> [Supplied records]
----------------

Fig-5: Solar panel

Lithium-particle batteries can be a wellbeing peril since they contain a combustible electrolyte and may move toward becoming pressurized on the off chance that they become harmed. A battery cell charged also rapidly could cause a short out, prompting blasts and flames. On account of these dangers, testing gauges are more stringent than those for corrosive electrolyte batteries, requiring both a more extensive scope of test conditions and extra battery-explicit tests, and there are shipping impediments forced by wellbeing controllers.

----------------

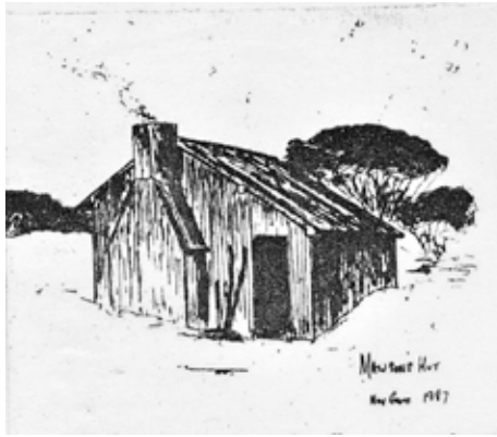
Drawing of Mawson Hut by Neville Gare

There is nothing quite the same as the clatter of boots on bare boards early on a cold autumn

----------------

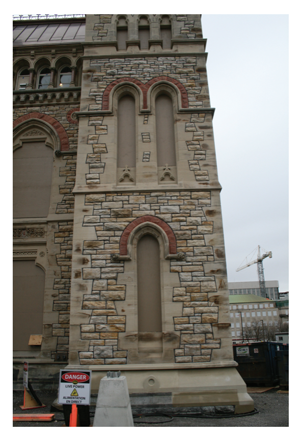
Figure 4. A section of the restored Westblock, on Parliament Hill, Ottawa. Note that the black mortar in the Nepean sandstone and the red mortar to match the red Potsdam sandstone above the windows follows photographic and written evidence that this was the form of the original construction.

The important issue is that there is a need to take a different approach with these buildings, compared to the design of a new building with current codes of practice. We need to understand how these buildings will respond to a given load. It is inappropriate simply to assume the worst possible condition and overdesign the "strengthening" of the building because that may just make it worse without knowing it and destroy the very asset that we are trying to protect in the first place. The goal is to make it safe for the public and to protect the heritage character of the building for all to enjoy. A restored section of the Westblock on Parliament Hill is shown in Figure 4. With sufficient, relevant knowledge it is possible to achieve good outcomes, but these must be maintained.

----------------

> [Exercise description]
Within the entries above, find the string "Figure" and return each line that holds it.

> [Exercise solution]
Figure 4. A section of the restored Westblock, on Parliament Hill, Ottawa. Note that the black mortar in the Nepean sandstone and the red mortar to match the red Potsdam sandstone above the windows follows photographic and written evidence that this was the form of the original construction.
The important issue is that there is a need to take a different approach with these buildings, compared to the design of a new building with current codes of practice. We need to understand how these buildings will respond to a given load. It is inappropriate simply to assume the worst possible condition and overdesign the "strengthening" of the building because that may just make it worse without knowing it and destroy the very asset that we are trying to protect in the first place. The goal is to make it safe for the public and to protect the heritage character of the building for all to enjoy. A restored section of the Westblock on Parliament Hill is shown in Figure 4. With sufficient, relevant knowledge it is possible to achieve good outcomes, but these must be maintained.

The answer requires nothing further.